=== Data for the task ===

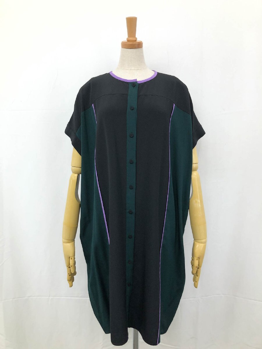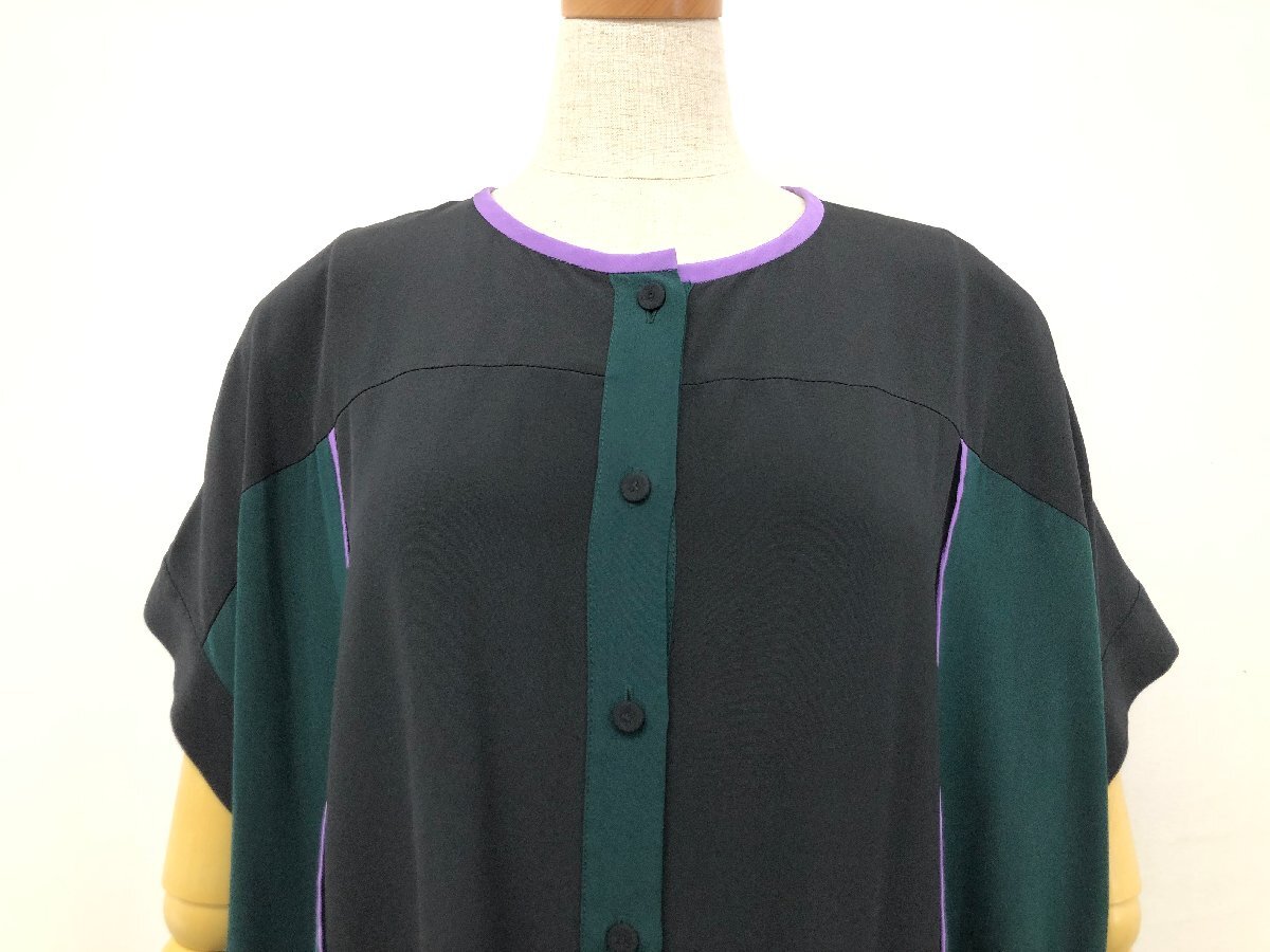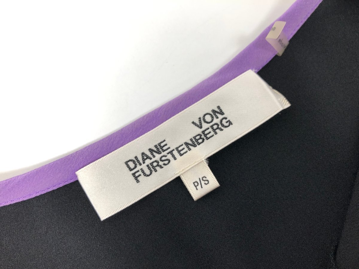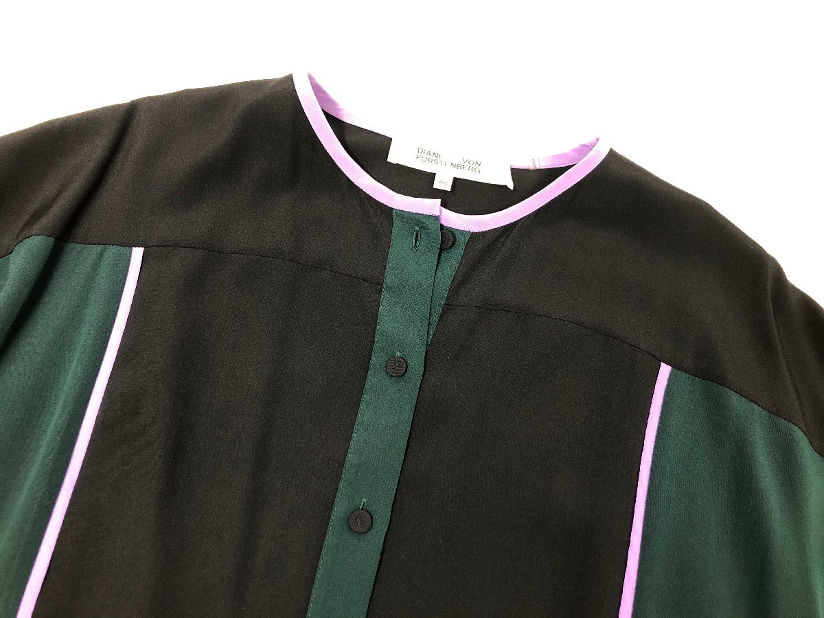 HH極美品【ダイアンフォンファステンバーグ】12157DVF シルク100% ノーカラー シャツワンピース(レディース) P/S ブラック系 ◯17LO3630◯
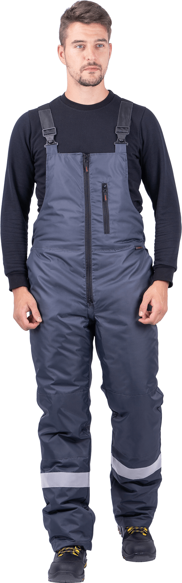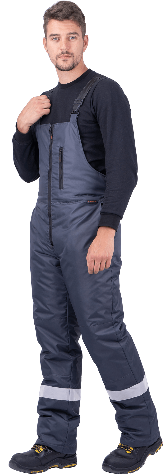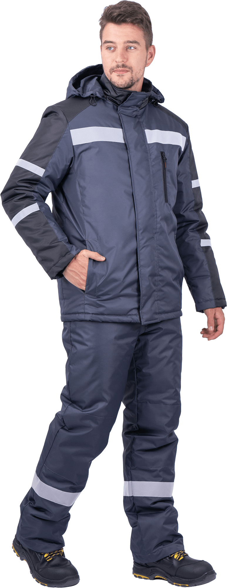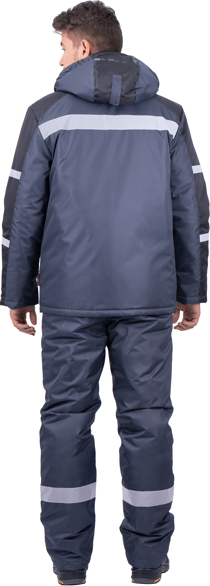 Ткань верха: «Оксфорд 240Т», PU-отделка Состав: 100% полиэфир, плотность 130 г/м² ТР ТС 019/2011 ГОСТ 12.4.303-2016 Защитные свойства: Тн - от пониженных температур воздуха и ветра, (1-2 класс защиты, I-II, III климатический пояс) Мп - от механических воздействий (прокол/порез) Ми - защита от механических воздействий (истираний) З - защита от общих производственных загрязнений Костюм состоит из куртки и полукомбинезона. Куртка: • центральная застежка на молнию • ветрозащитная планка с текстильной застежкой • воротник-стойка • нагрудный карман с застежкой-молнией • нижние карманы с листочкой • внутренний карман • внизу рукава внутренняя трикотажная манжета • пристегивающийся капюшон на молнии с регулировкой объёма • световозвращающие полосы по линии кокетки полочки, спинки шириной 50 мм, по рукавам – 25 мм Полукомбинезон: • застёжка на двухзамковую молнию • бретели с эластичной тесьмой и с застёжкой на фастексы • объём спинки регулируется по линии талии эластичной лентой • боковые карманы с наклонным вход
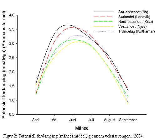 Figur 2 illustrerer variasjonen i potensiell fordamping (fordamping fra jord og transpirasjon i kortklipt vegetasjonsdekke) gjennom vekstsesongen.
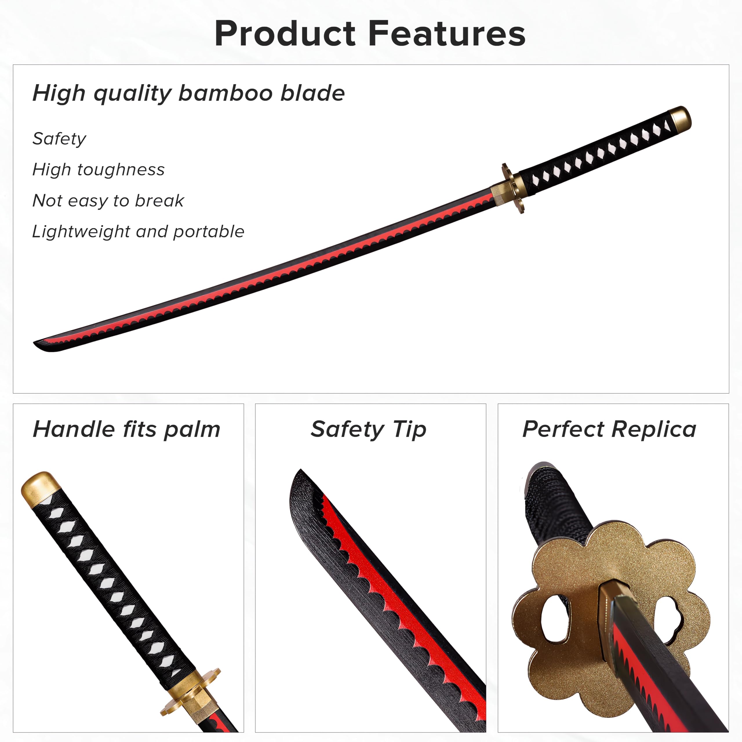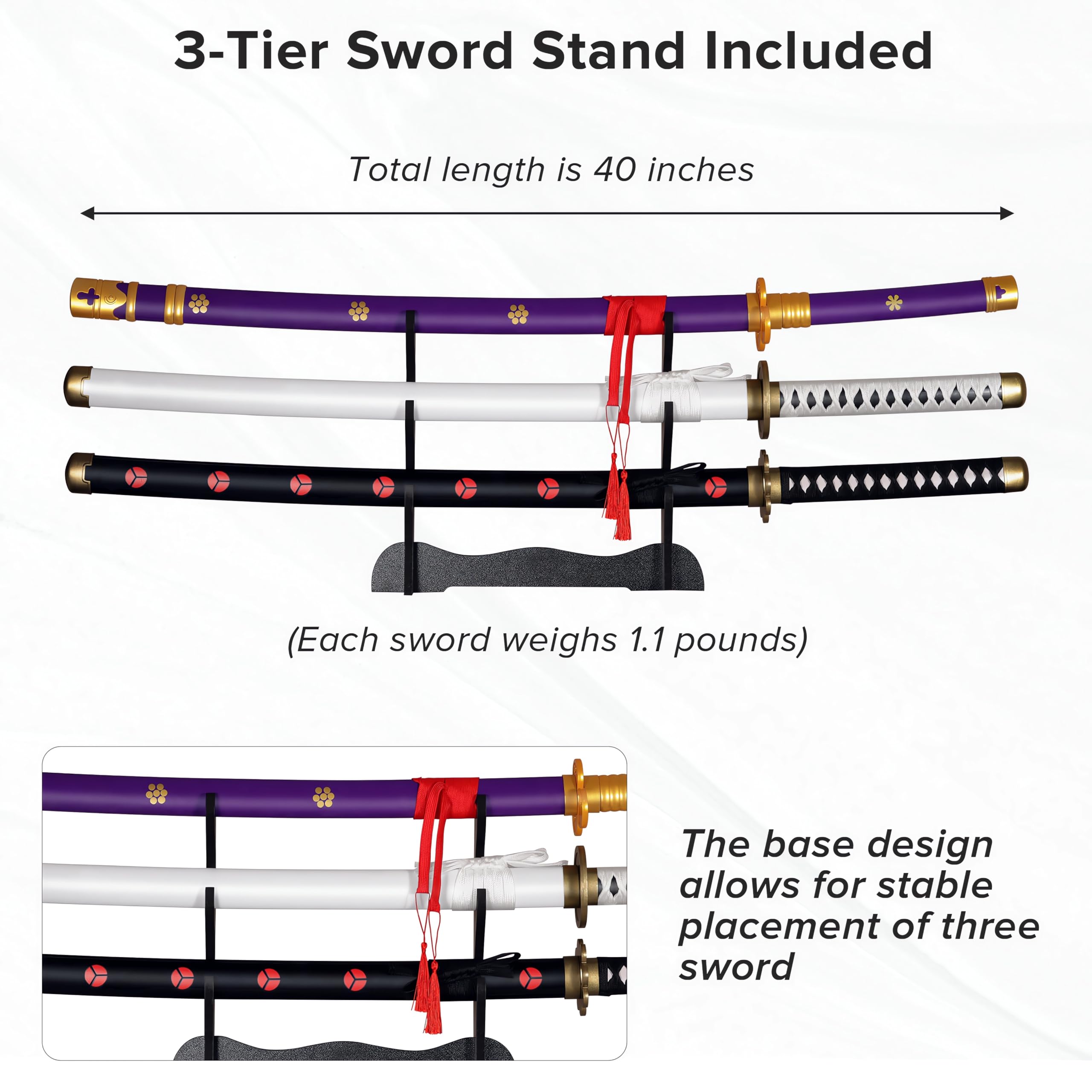 Get the ultimate Zoro decoration collection with the 41 inch Bamboo Cosplay Swords set, featuring Wado Ichimonji, Yama Enma, and Shusui, perfect for cosplay and stage performances.
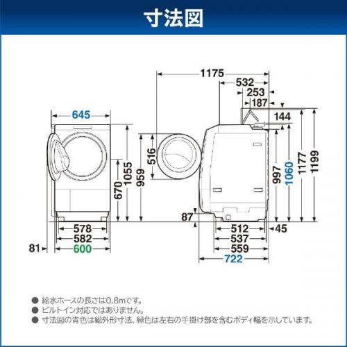 ●寸法:W64.5×H106.0×D72.2cm(給・排水ホースを含む)
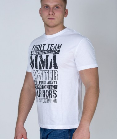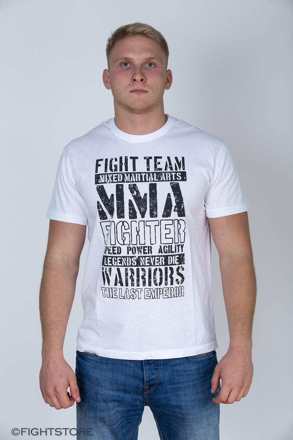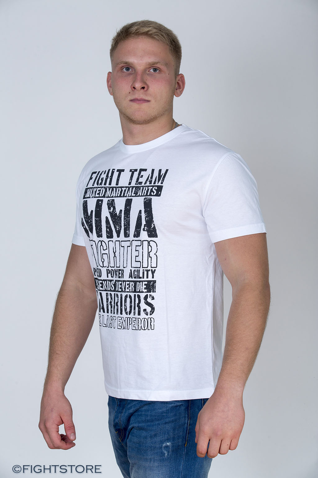 Белая футболка MMA FIGHTER из стопроцентного хлопка, в ней воздух будет свободно проникать к телу, давая коже дышать. Спереди принт с надписями выполненными зеленой краской: FIGHT TEAM, MMA FIGHTER, LEGENDS NEVER DIE, THE LAST EMPEROR, MIXED MARTIAL ARTS, POWER SPEED AGILITY. Уникальная футболка для поклонников стильной одежды с символикой единоборств и ММА по самой выгодной цене в интернете.

===

Task instructions:
Write out the records shown above exactly, but do not include any images.

Answer space:
 HH極美品【ダイアンフォンファステンバーグ】12157DVF シルク100% ノーカラー シャツワンピース(レディース) P/S ブラック系 ◯17LO3630◯
 Ткань верха: «Оксфорд 240Т», PU-отделка Состав: 100% полиэфир, плотность 130 г/м² ТР ТС 019/2011 ГОСТ 12.4.303-2016 Защитные свойства: Тн - от пониженных температур воздуха и ветра, (1-2 класс защиты, I-II, III климатический пояс) Мп - от механических воздействий (прокол/порез) Ми - защита от механических воздействий (истираний) З - защита от общих производственных загрязнений Костюм состоит из куртки и полукомбинезона. Куртка: • центральная застежка на молнию • ветрозащитная планка с текстильной застежкой • воротник-стойка • нагрудный карман с застежкой-молнией • нижние карманы с листочкой • внутренний карман • внизу рукава внутренняя трикотажная манжета • пристегивающийся капюшон на молнии с регулировкой объёма • световозвращающие полосы по линии кокетки полочки, спинки шириной 50 мм, по рукавам – 25 мм Полукомбинезон: • застёжка на двухзамковую молнию • бретели с эластичной тесьмой и с застёжкой на фастексы • объём спинки регулируется по линии талии эластичной лентой • боковые карманы с наклонным вход
 Figur 2 illustrerer variasjonen i potensiell fordamping (fordamping fra jord og transpirasjon i kortklipt vegetasjonsdekke) gjennom vekstsesongen.
 Get the ultimate Zoro decoration collection with the 41 inch Bamboo Cosplay Swords set, featuring Wado Ichimonji, Yama Enma, and Shusui, perfect for cosplay and stage performances.
 ●寸法:W64.5×H106.0×D72.2cm(給・排水ホースを含む)
 Белая футболка MMA FIGHTER из стопроцентного хлопка, в ней воздух будет свободно проникать к телу, давая коже дышать. Спереди принт с надписями выполненными зеленой краской: FIGHT TEAM, MMA FIGHTER, LEGENDS NEVER DIE, THE LAST EMPEROR, MIXED MARTIAL ARTS, POWER SPEED AGILITY. Уникальная футболка для поклонников стильной одежды с символикой единоборств и ММА по самой выгодной цене в интернете.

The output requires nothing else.